Data shown
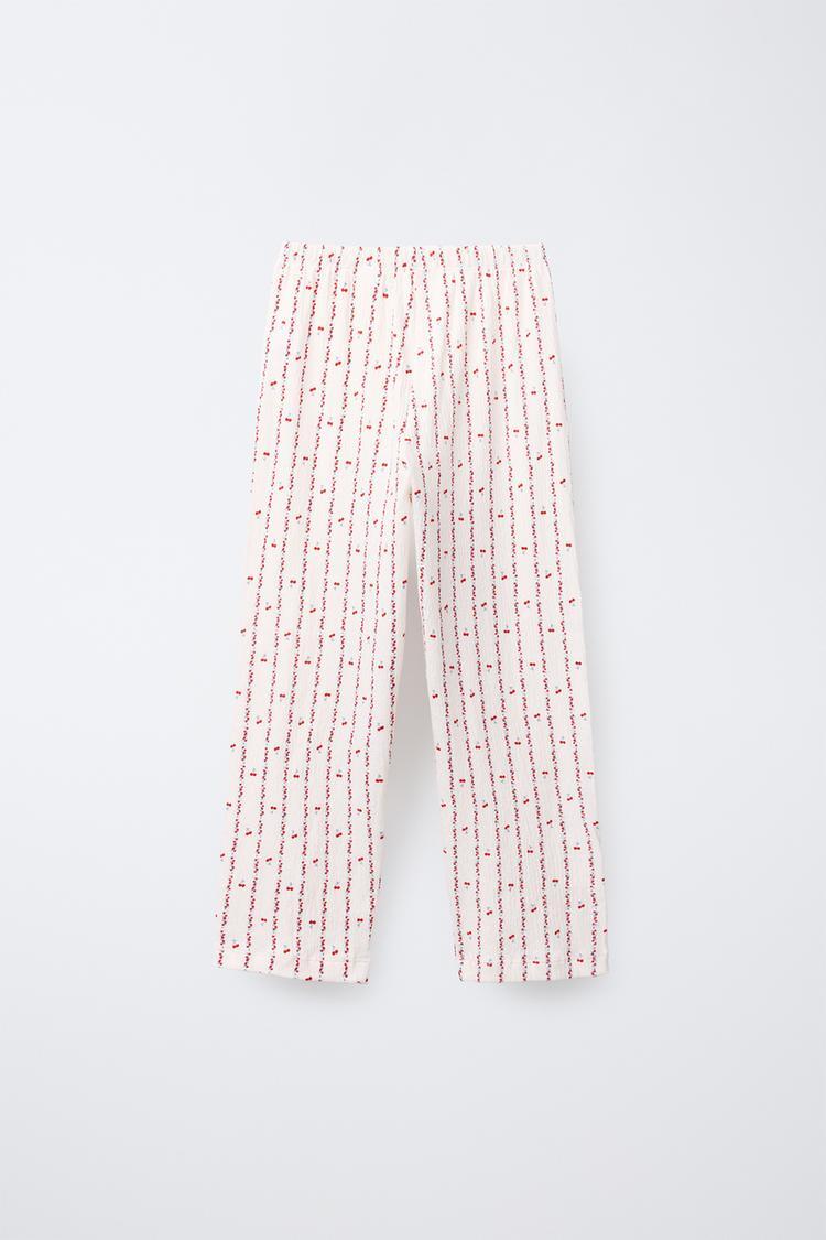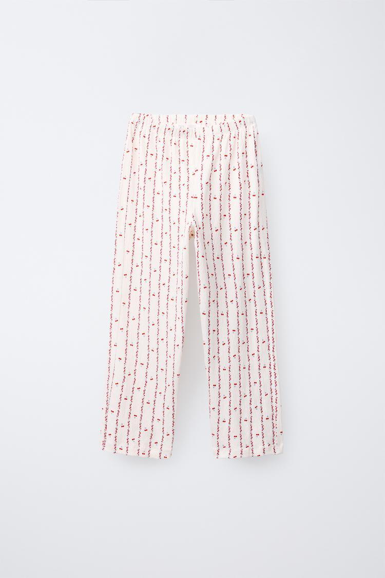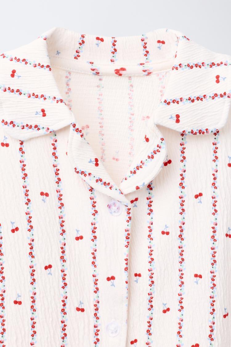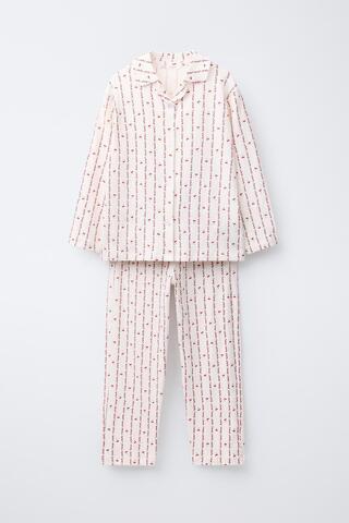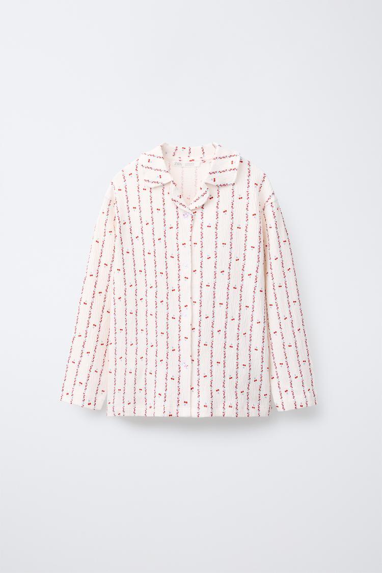 ZARA ПИЖАМА: РУБАШКА И БРЮКИ С ПРИНТОМ «ВИШНИ И ЦВЕТЫ», ЭКРЮ
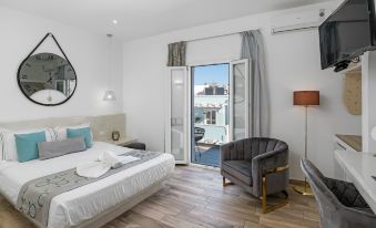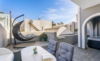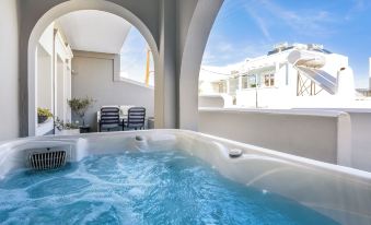 Ho soggiornato con la mia famiglia in quest’ hotel una notte il 13 Luglio. Il giorno dopo avevamo il traghetto x Naxos. Posizione perfetta in pieno centro di Fira….. Ragazza della reception adorabile….nonostante la nostra difficoltà con l’inglese ha cercato in ogni modo di farci sentire a casa e fornirci ogni comfort possibile. Camera fantastica….nuovissima…..dotata di frigo bar e condizionatore…..con all’esterno della camera una vasca idromassaggio ad uso esclusivo solo nostro e in funzione h 24….Di sera poi si accendono led che cambiano colore e creano un’ atmosfera magica. Inoltre sul terrazzino c’è anche una poltrona a dondolo e un tavolo con le sedie.
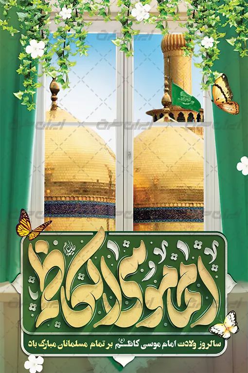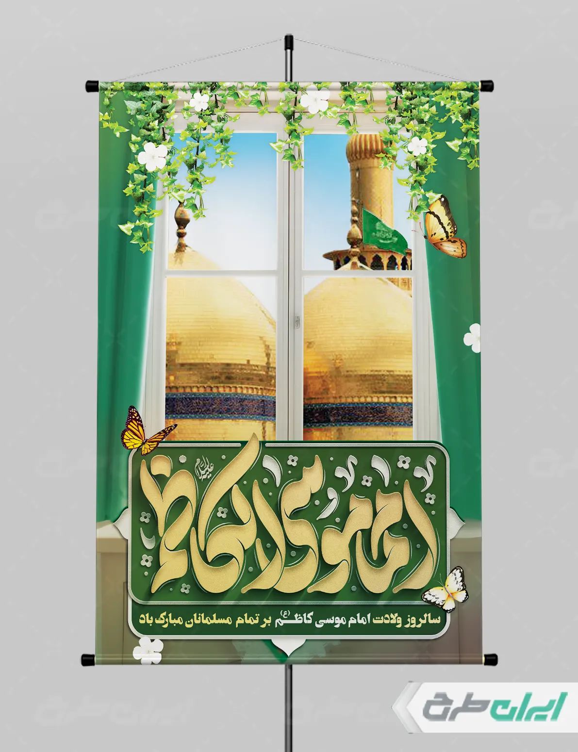 طرح بنر ولادت امام موسی کاظم (ع) شامل:
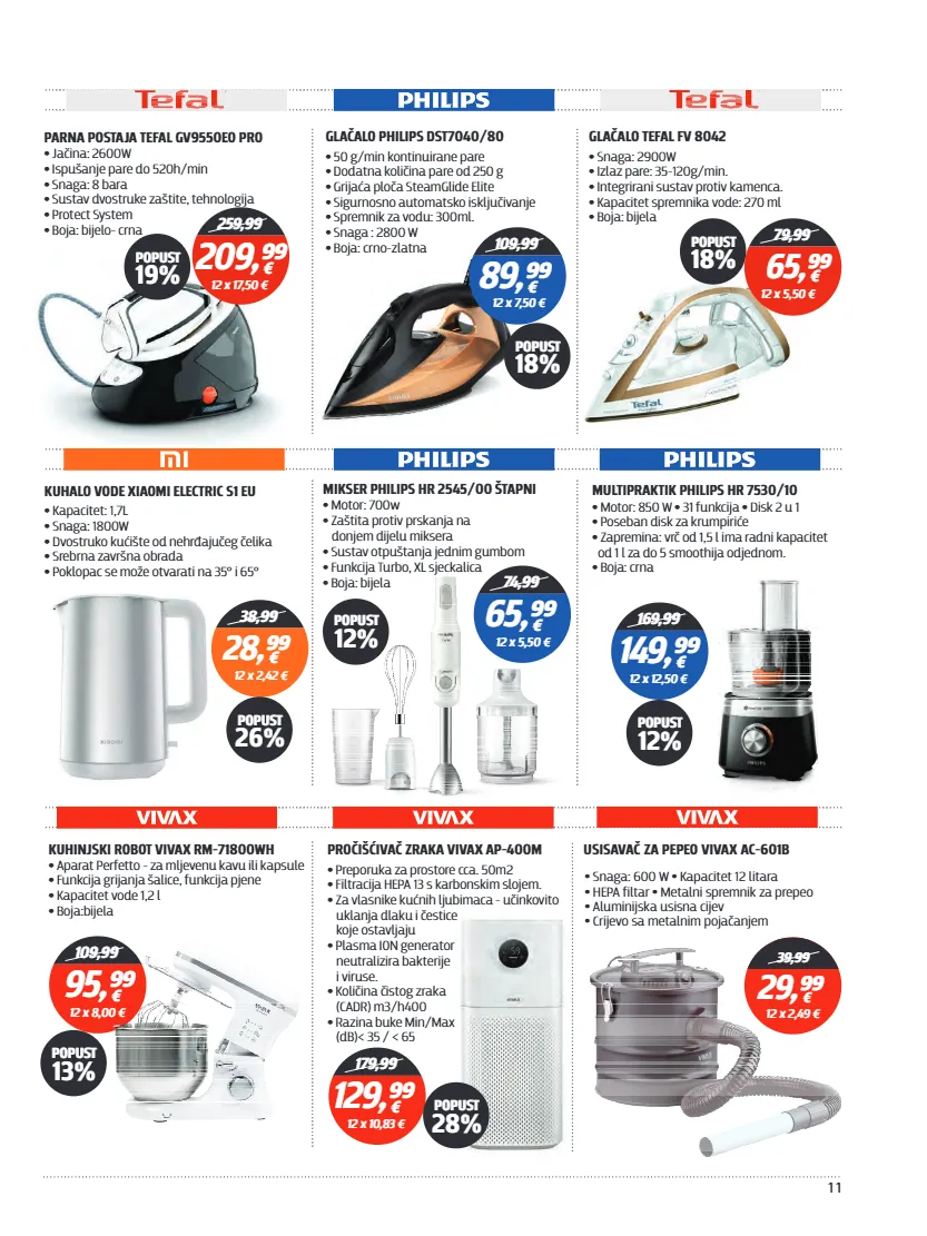 11 259,99 209,⁹⁹ € 12 x 17,50 € popust 19% parna postaja tefal gv9550eo pro • jačina: 2600w • ispušanje pare do 520h/min • snaga: 8 bara • sustav dvostruke zaštite, tehnologija • protect system • boja: bijelo- crna popust 18% glačalo tefal fv 8042 • snaga: 2900w • izlaz pare: 35-120g/min. • integrirani sustav protiv kamenca. • kapacitet spremnika vode: 270 ml • boja: bijela 79,99 65,⁹⁹ € 12 x 5,50 € mikser philips hr 2545/00 štapni • motor: 700w zaštita protiv prskanja na • donjem dijelu miksera sustav otpuštanja jednim gumbom • funkcija turbo, xl sjeckalica • boja: bijela • 74,99 65,⁹⁹ € 12 x 5,50 € popust 12% multipraktik philips hr 7530/10 • • • motor: 850 w 31 funkcija disk 2 u 1 poseban disk za krumpiriće • zapremina: vrč od 1,5 l ima radni kapacitet • od 1 l za do 5 smoothija odjednom. boja: crna • 169,99 149,⁹⁹ € 12 x 12,50 € popust 12% kuhinjski robot vivax rm-71800wh • aparat perfetto - za mljevenu kavu ili kapsule funkcija grijanja šalice, funkcija pjene • • kapacitet vode 1,2 l boja:bijela • 109,99 95,⁹⁹ € 12 x 8,00 € popust 13% usisavač za pepeo vivax ac-601b • • snaga: 600 w kapacitet 12 litara • • hepa filtar metalni spremnik za prepeo • aluminijska usisna cijev • crijevo sa metalnim pojačanjem 39,99 29,⁹⁹ € 12 x 2,49 € glačalo philips dst7040/80 • 50 g/min kontinuirane pare • dodatna količina pare od 250 g • grijaća ploča steamglide elite • sigurnosno automatsko isključivanje • spremnik za vodu: 300ml. • snaga : 2800 w • boja: crno-zlatna 109,99 89,⁹⁹ € 12 x 7,50 € popust 18% kuhalo vode xiaomi electric s1 eu • kapacitet: 1,7l • snaga: 1800w • dvostruko kućište od nehrđajučeg čelika • srebrna završna obrada • poklopac se može otvarati na 35° i 65° 38,99 28,⁹⁹ € 12 x 2,42 € popust 26% pročišćivač zraka vivax ap-400m • preporuka za prostore cca. 50m2 • filtracija hepa 13 s karbonskim slojem. • za vlasnike kućnih ljubimaca - učinkovito uklanja dlaku i čestice koje ostavljaju • plasma ion generator neutralizira bakterije i viruse. • količina čistog zraka (cadr) m3/h400 • razina buke min/max (db)< 35 / < 65 179,99 129,⁹⁹ € 12 x 10,83 € popust 28%
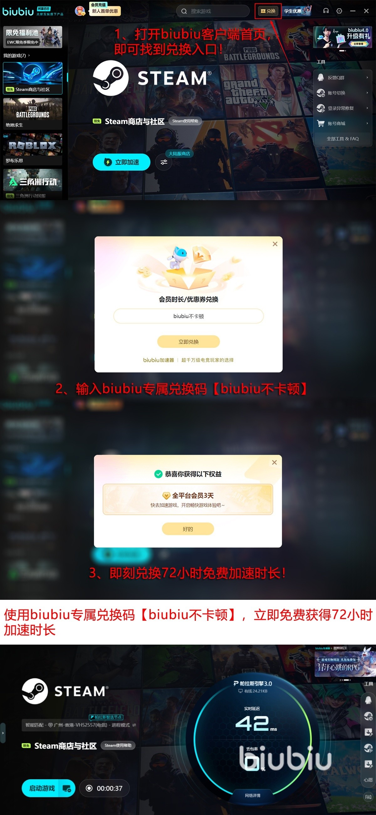 biubiu加速器由阿里巴巴灵犀互娱技术团队研发,与九游、交易猫同属该体系下的核心游戏服务产品。平台支持超20000款主流游戏一键加速,涵盖《原神》《崩坏:星穹铁道》《无畏契约》《英雄联盟手游》等全类型作品。更新机制高度敏捷——每款游戏大版本上线后48小时内即完成专项适配,确保帧率稳定性与加载效率双重提升。新用户注册即可获赠24小时免费加速时长;输入兑换码【biubiu不卡顿】还可额外领取72小时,累计达96小时深度体验周期,便于全面评估实际优化效果。
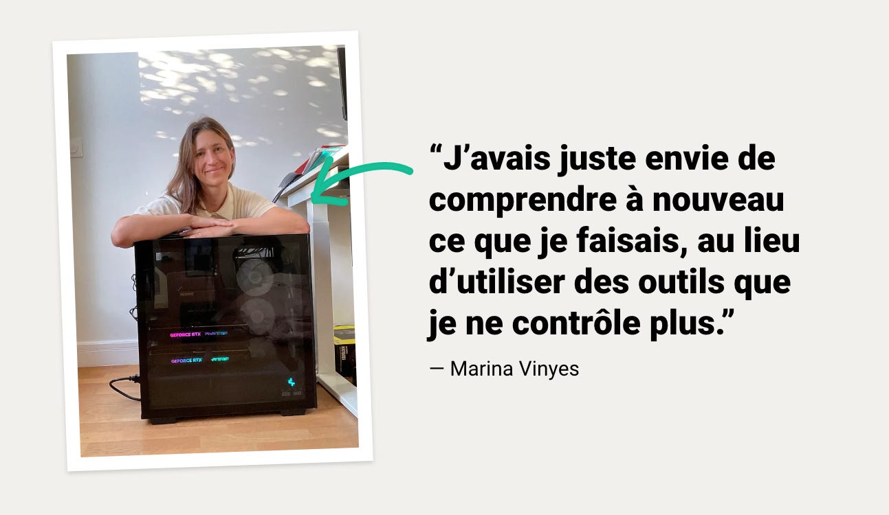 Cette histoire illustre parfaitement ce besoin croissant de reprendre la main sur ses outils. Marina Vinyes, ingénieure en IA passée par Criteo, a quitté un poste prestigieux pour créer son propre modèle de langage. Pas pour concurrencer OpenAI ;), mais pour comprendre à nouveau ce qu’elle faisait, sans dépendre d’outils devenus trop complexes ou opaques.
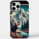 Ein majestätischer BullenElch steht neben einem mächtigen Baum und blickt auf die majestätischen schneebedeckten Gipfel, die sich im gewundenen Fluss unten widerspiegeln.
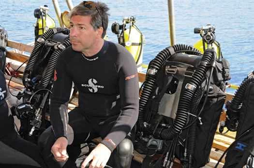 数分間、船をぐるぐる回し続けた後、フォーリーは行動を起こした。朝早く、ジョルゴスがこの辺りでダイビングをするのがとても楽しみだと話していたので、フォーリーはいつもの同僚ぶりで、ちょうどいいタイミングだと提案し、「運転してもいいかな?」と付け加えた。舵を取り、フォーリーはエンジンをアイドリングまで落とした。ボートは減速し、ディアの黄色い崖に向かって南へ向かう穏やかなうねりの上を漂っていた。気温は約27度(摂氏約30度)、水中の視界は約30メートル。少なくとも何とかコントロールできるようになったフォーリーは、安心した様子で、むしろ嬉しそうだった。
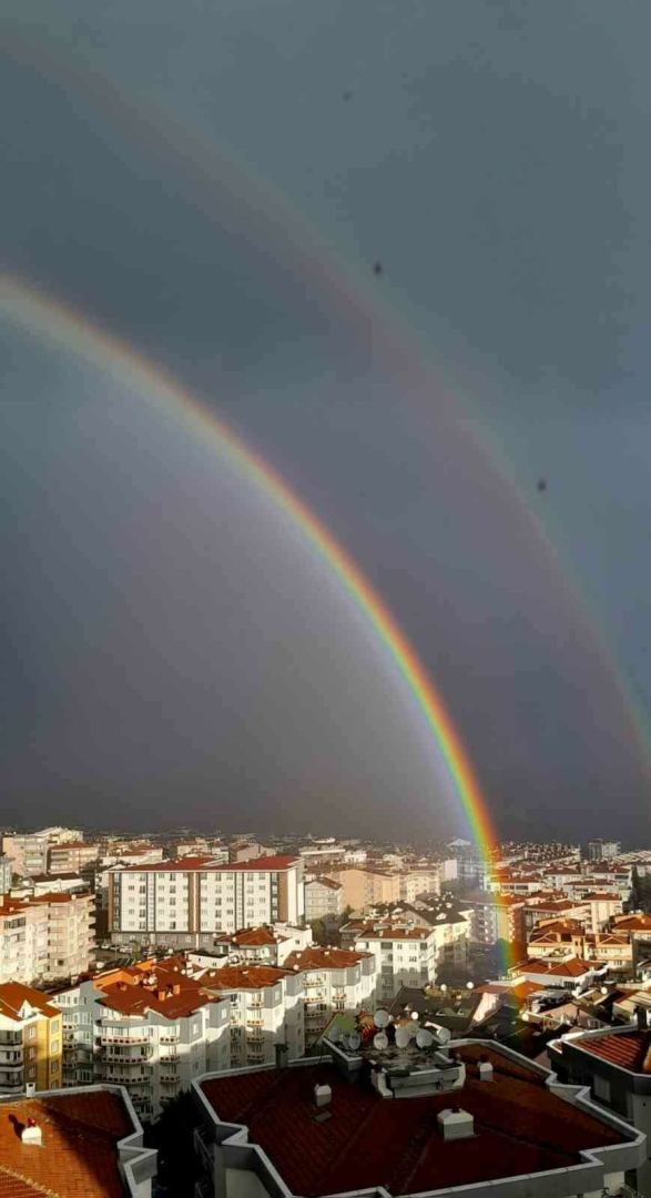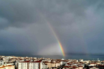 Bursa'nın Mudanya ilçesinde sabah saatlerinde etkili olan yağmur, gökkuşağıyla taçlandı.
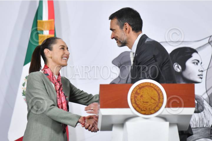CIUDAD DE MÉXICO, 10ABRIL2026.- Daniel Cocenzo, presidente de Grupo Modelo, y Claudia Sheinbaum, presidenta de México, durante su intervención en la conferencia matutina en la que se informaron los avances del Mundial Social en materia de construcción de canchas y torneos como el Mundialito Escolar y Copa CONADE. Además Grupo Modelo anunció que regalará 500 boletos para el Mundial 2026 a los ganadores de los distintos torneos del Mundial Social, la instalación de pantallas móviles en todo el país y otorgará 35 mil licencias para transmitir los partidos del mundial en restaurantes. FOTO: MARIO JASSO/CUARTOSCURO.COM

Task
A faithful copy of all the records is required, with the pictures left out.

Exercise output
 ZARA ПИЖАМА: РУБАШКА И БРЮКИ С ПРИНТОМ «ВИШНИ И ЦВЕТЫ», ЭКРЮ
 Ho soggiornato con la mia famiglia in quest’ hotel una notte il 13 Luglio. Il giorno dopo avevamo il traghetto x Naxos. Posizione perfetta in pieno centro di Fira….. Ragazza della reception adorabile….nonostante la nostra difficoltà con l’inglese ha cercato in ogni modo di farci sentire a casa e fornirci ogni comfort possibile. Camera fantastica….nuovissima…..dotata di frigo bar e condizionatore…..con all’esterno della camera una vasca idromassaggio ad uso esclusivo solo nostro e in funzione h 24….Di sera poi si accendono led che cambiano colore e creano un’ atmosfera magica. Inoltre sul terrazzino c’è anche una poltrona a dondolo e un tavolo con le sedie.
 طرح بنر ولادت امام موسی کاظم (ع) شامل:
 11 259,99 209,⁹⁹ € 12 x 17,50 € popust 19% parna postaja tefal gv9550eo pro • jačina: 2600w • ispušanje pare do 520h/min • snaga: 8 bara • sustav dvostruke zaštite, tehnologija • protect system • boja: bijelo- crna popust 18% glačalo tefal fv 8042 • snaga: 2900w • izlaz pare: 35-120g/min. • integrirani sustav protiv kamenca. • kapacitet spremnika vode: 270 ml • boja: bijela 79,99 65,⁹⁹ € 12 x 5,50 € mikser philips hr 2545/00 štapni • motor: 700w zaštita protiv prskanja na • donjem dijelu miksera sustav otpuštanja jednim gumbom • funkcija turbo, xl sjeckalica • boja: bijela • 74,99 65,⁹⁹ € 12 x 5,50 € popust 12% multipraktik philips hr 7530/10 • • • motor: 850 w 31 funkcija disk 2 u 1 poseban disk za krumpiriće • zapremina: vrč od 1,5 l ima radni kapacitet • od 1 l za do 5 smoothija odjednom. boja: crna • 169,99 149,⁹⁹ € 12 x 12,50 € popust 12% kuhinjski robot vivax rm-71800wh • aparat perfetto - za mljevenu kavu ili kapsule funkcija grijanja šalice, funkcija pjene • • kapacitet vode 1,2 l boja:bijela • 109,99 95,⁹⁹ € 12 x 8,00 € popust 13% usisavač za pepeo vivax ac-601b • • snaga: 600 w kapacitet 12 litara • • hepa filtar metalni spremnik za prepeo • aluminijska usisna cijev • crijevo sa metalnim pojačanjem 39,99 29,⁹⁹ € 12 x 2,49 € glačalo philips dst7040/80 • 50 g/min kontinuirane pare • dodatna količina pare od 250 g • grijaća ploča steamglide elite • sigurnosno automatsko isključivanje • spremnik za vodu: 300ml. • snaga : 2800 w • boja: crno-zlatna 109,99 89,⁹⁹ € 12 x 7,50 € popust 18% kuhalo vode xiaomi electric s1 eu • kapacitet: 1,7l • snaga: 1800w • dvostruko kućište od nehrđajučeg čelika • srebrna završna obrada • poklopac se može otvarati na 35° i 65° 38,99 28,⁹⁹ € 12 x 2,42 € popust 26% pročišćivač zraka vivax ap-400m • preporuka za prostore cca. 50m2 • filtracija hepa 13 s karbonskim slojem. • za vlasnike kućnih ljubimaca - učinkovito uklanja dlaku i čestice koje ostavljaju • plasma ion generator neutralizira bakterije i viruse. • količina čistog zraka (cadr) m3/h400 • razina buke min/max (db)< 35 / < 65 179,99 129,⁹⁹ € 12 x 10,83 € popust 28%
 biubiu加速器由阿里巴巴灵犀互娱技术团队研发,与九游、交易猫同属该体系下的核心游戏服务产品。平台支持超20000款主流游戏一键加速,涵盖《原神》《崩坏:星穹铁道》《无畏契约》《英雄联盟手游》等全类型作品。更新机制高度敏捷——每款游戏大版本上线后48小时内即完成专项适配,确保帧率稳定性与加载效率双重提升。新用户注册即可获赠24小时免费加速时长;输入兑换码【biubiu不卡顿】还可额外领取72小时,累计达96小时深度体验周期,便于全面评估实际优化效果。
 Cette histoire illustre parfaitement ce besoin croissant de reprendre la main sur ses outils. Marina Vinyes, ingénieure en IA passée par Criteo, a quitté un poste prestigieux pour créer son propre modèle de langage. Pas pour concurrencer OpenAI ;), mais pour comprendre à nouveau ce qu’elle faisait, sans dépendre d’outils devenus trop complexes ou opaques.
 Ein majestätischer BullenElch steht neben einem mächtigen Baum und blickt auf die majestätischen schneebedeckten Gipfel, die sich im gewundenen Fluss unten widerspiegeln.
 数分間、船をぐるぐる回し続けた後、フォーリーは行動を起こした。朝早く、ジョルゴスがこの辺りでダイビングをするのがとても楽しみだと話していたので、フォーリーはいつもの同僚ぶりで、ちょうどいいタイミングだと提案し、「運転してもいいかな?」と付け加えた。舵を取り、フォーリーはエンジンをアイドリングまで落とした。ボートは減速し、ディアの黄色い崖に向かって南へ向かう穏やかなうねりの上を漂っていた。気温は約27度(摂氏約30度)、水中の視界は約30メートル。少なくとも何とかコントロールできるようになったフォーリーは、安心した様子で、むしろ嬉しそうだった。
 Bursa'nın Mudanya ilçesinde sabah saatlerinde etkili olan yağmur, gökkuşağıyla taçlandı.
CIUDAD DE MÉXICO, 10ABRIL2026.- Daniel Cocenzo, presidente de Grupo Modelo, y Claudia Sheinbaum, presidenta de México, durante su intervención en la conferencia matutina en la que se informaron los avances del Mundial Social en materia de construcción de canchas y torneos como el Mundialito Escolar y Copa CONADE. Además Grupo Modelo anunció que regalará 500 boletos para el Mundial 2026 a los ganadores de los distintos torneos del Mundial Social, la instalación de pantallas móviles en todo el país y otorgará 35 mil licencias para transmitir los partidos del mundial en restaurantes. FOTO: MARIO JASSO/CUARTOSCURO.COM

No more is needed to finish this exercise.